Collected data:
╔══
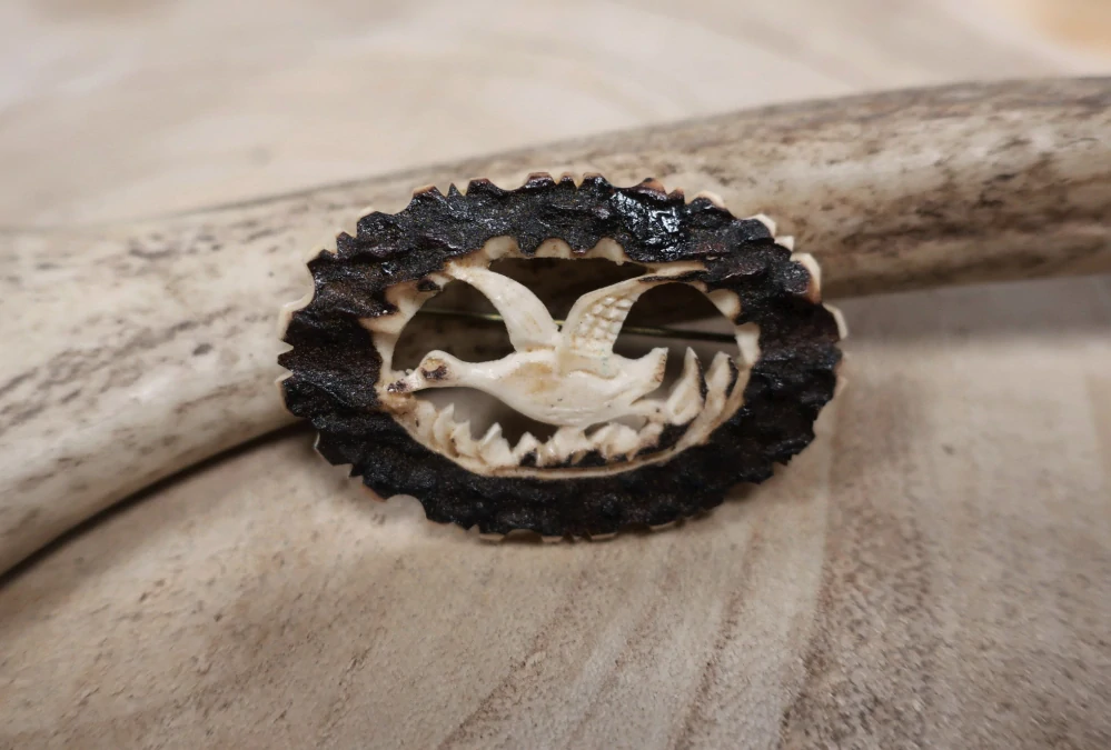 Ručně vyřezávaná brož z paroží.
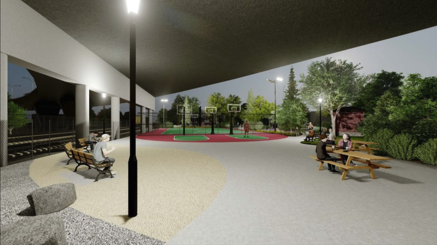 Une toilette autonettoyante a déjà été installée sur place. Selon les rendus, deux paniers additionnels seront placés à l’extérieur du terrain clôturé qui, lui, pourra accueillir des matchs conventionnels.
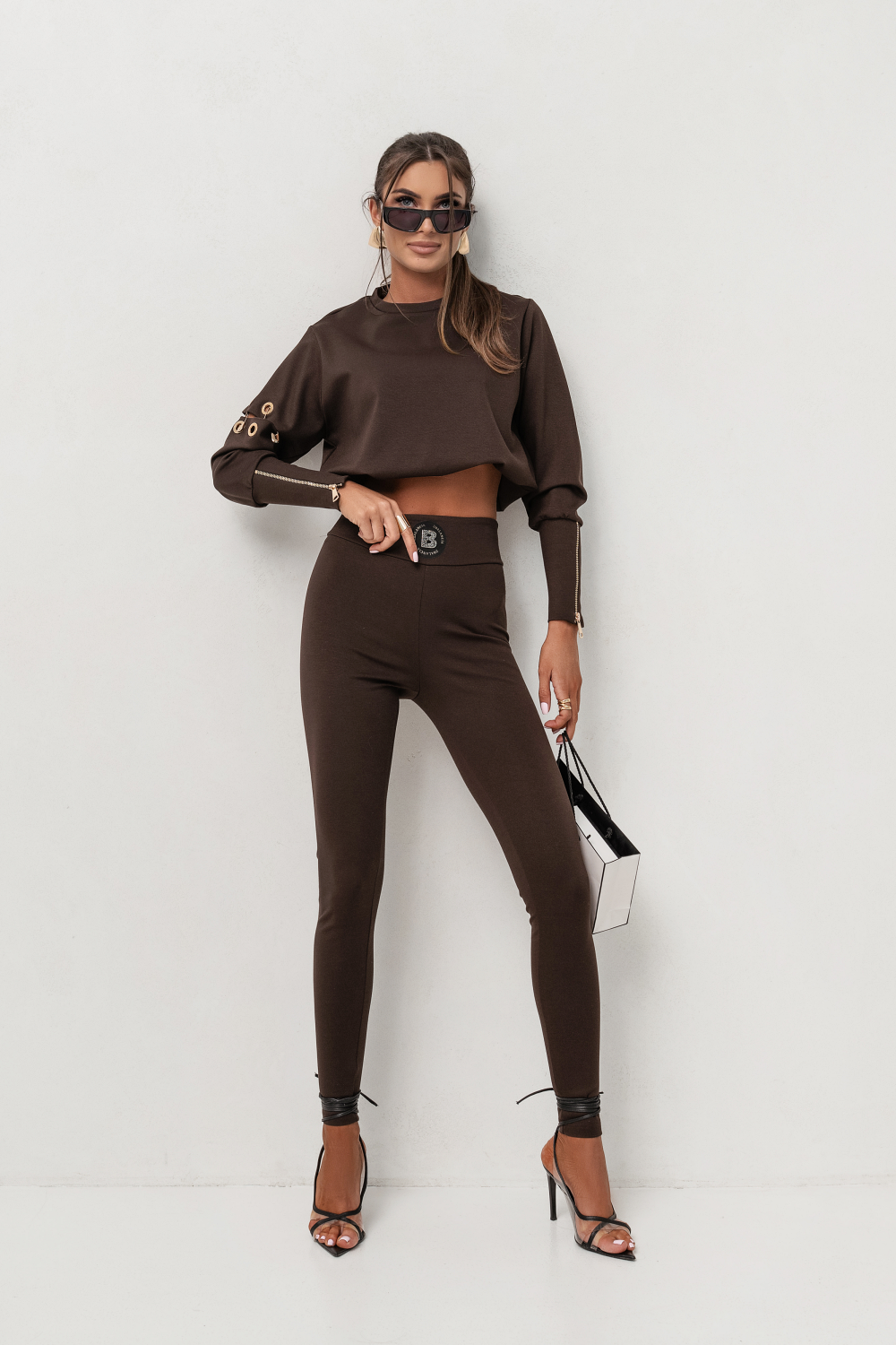 Komplet premium damski w głębokim, czekoladowym odcieniu brązu to stylowa propozycja dla kobiet eleganckie kolory. Nasycona barwa dodaje stylizacji klasy i doskonale sprawdza się zarówno w dziennych zestawach, jak i w bardziej dopracowanych lookach na wieczór. To komplet, który przyciąga uwagę, pozostając ponadczasowy.
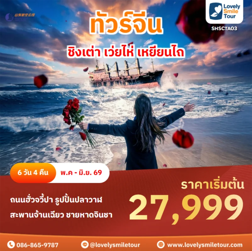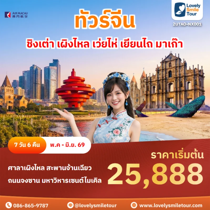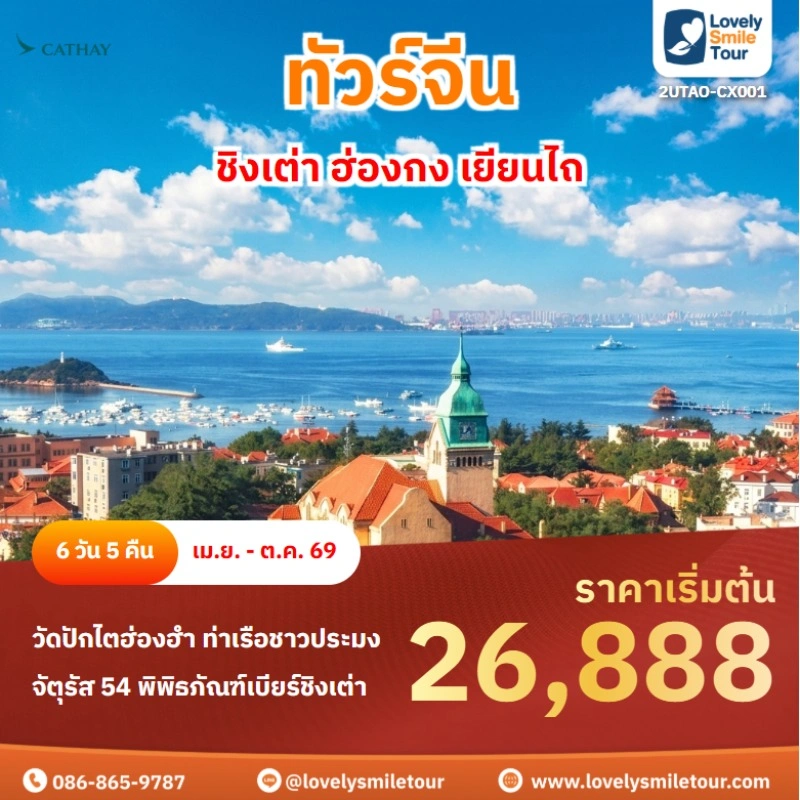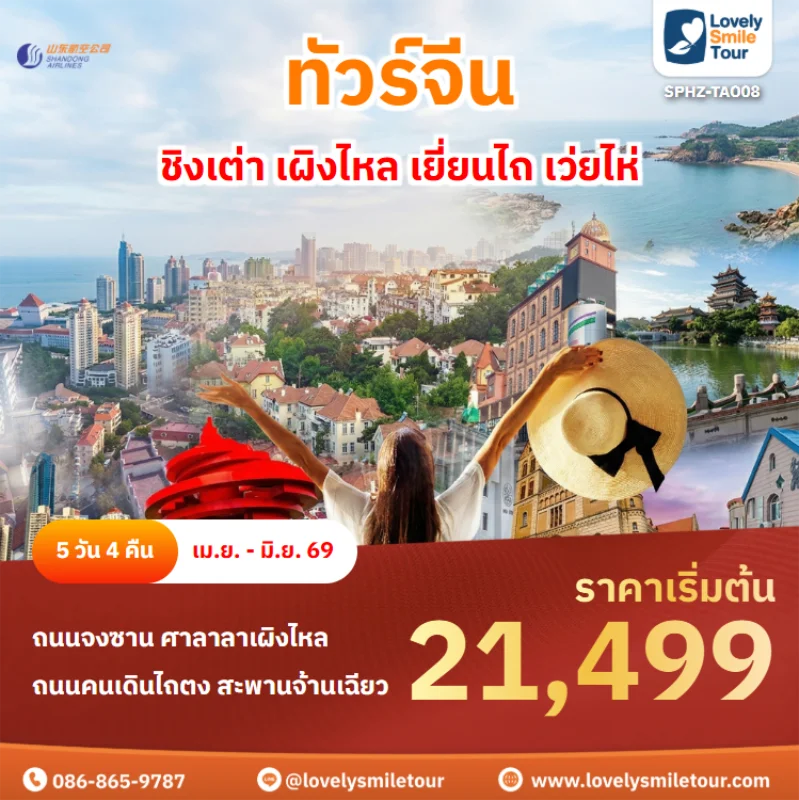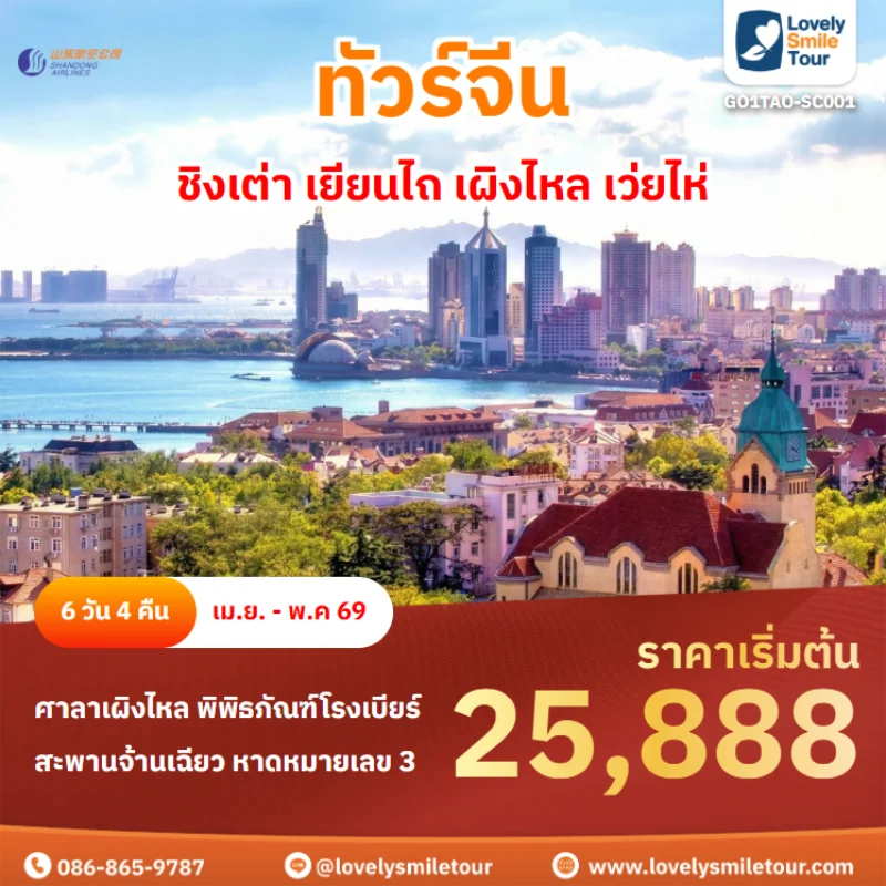 Lovely Smile Tour มีแพ็กเกจ ทัวร์ชิงเต่า ให้เลือกหลายรูปแบบ มีทั้งแบบไม่เข้าร้านรัฐบาลและแบบเข้าร้านรัฐบาล พักโรงแรมระดับ 4-5 ดาว บางโปรแกรมมีให้นั่งรถไฟความเร็วสูง หากสนใจจองแพ็กเกจไหน แอดไลน์หรือโทรสอบถามได้เลย
╚══
Your goal: Retype each line of the data exactly, beginning with the first; include the line containing "Une toilette autonettoyante" and stop there, skipping every picture.

Completed task:
 Ručně vyřezávaná brož z paroží.
 Une toilette autonettoyante a déjà été installée sur place. Selon les rendus, deux paniers additionnels seront placés à l’extérieur du terrain clôturé qui, lui, pourra accueillir des matchs conventionnels.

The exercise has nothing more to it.